18+
реклама
18+
Бургер менюБургер меню

Борис Сапожников – На Литовской земле (страница 59)

18

— Ну прям как у ляхов на сеймиках, — неодобрительно качали седыми чубами сивоусые деды, покуривая трубки с длинными чубуками. — Позор единый.

Вот в этот котёл, будто в утробу родной матери, нырнул опальный гетман Сагайдачный. Здесь он чувствовал себя в своей стихии, он ощущал здесь биение настоящей жизни, а ведь прежде гетман просто загнивал, будто кровь у него в жилах застоялась, и требовалось её пустить, дабы снова она бодро побежала по ним. Иначе — смерть лютая, будто от проказы.

Он ходил от куреня к куреню, говорил с полковниками, кошевыми атаманами, обозными, не забывал и уважаемых седоусых дедов. К ним пришёл первым делом, поклонился и каждому подарок сделал, даже и тем, кто настропалял против него черкасов, когда Сагайдачного лишили булавы. А в беседах с дедами не забывал напомнить, чем всё кончилось.

— Не держу я обиды за то, что против меня ты народ подбивал, — повторял Сагайдачный раз за разом, — обо всех черкасах ты тогда думал, о самой Сечи. Ан как вышло теперь-то? Ушли мы из-под Смоленска, а король Жигимонт реестр за то урезал, потому как нету него денег. Куда теперь честному черкасу податься? На Москву? Али сразу в Крым, как Макухе?

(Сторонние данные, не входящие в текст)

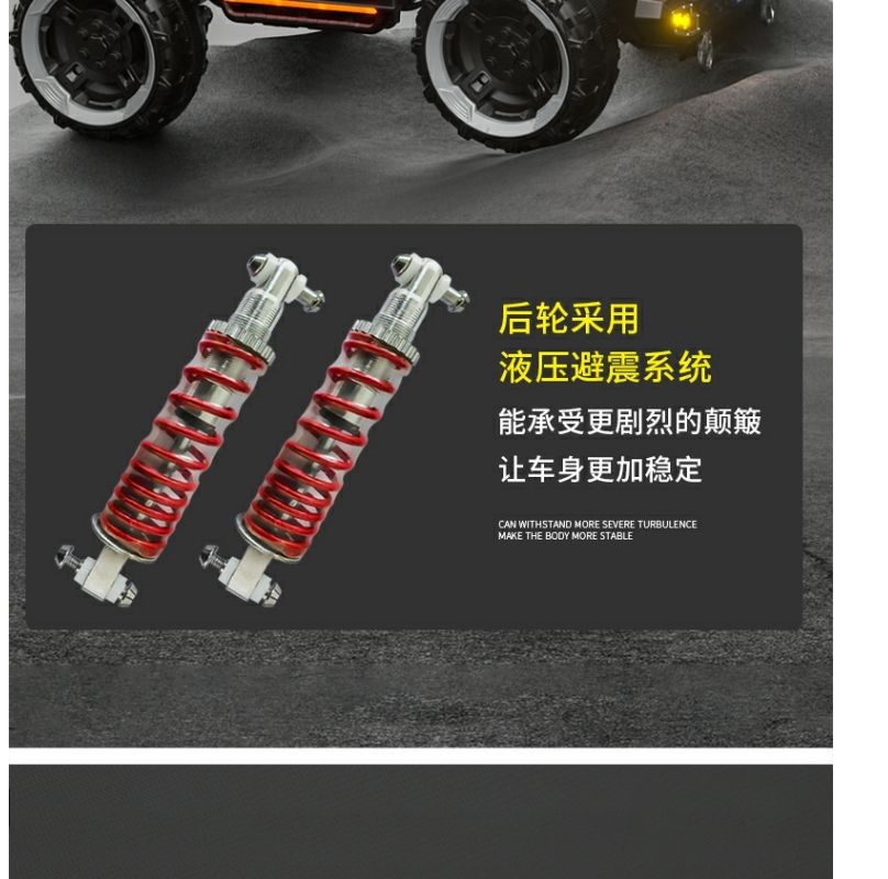 | two 12 v14 amd battery + light-emitting soft tire 550 motor + real shock absorption(两块12v14超威电瓶+发光软轮胎550电机+真实减震) | USD $325.54 | 99999 piece available |

Хмурились деды, да только нечего было им возразить. Тяжкие времена настали для Сечи: копились обиды, не находила выхода страсть и удаль черкасская. Коши на Москву давно уж не ходили, нечем было поживиться на разорённых смутой, поразившей царство московское, землях, они там считай обезлюдели. На Крым идти деньги нужны, чтобы чайки наладить, припасом съестным да огненным разжиться. А где тех денег взять? Негде. На Литву же воевать с Польшей идти нельзя, потому как Сечь вроде как подчиняется королю польскому. Многие заслуженные черкасы служат в приватных полках магнатов, да и реестр, пускай и урезанный, а сохранился, и деньга, какая-никакая, из Варшавы перепадает. Мал тот ручей, да без него старшине не удержаться. Потому и не глядят даже казаки в ту сторону.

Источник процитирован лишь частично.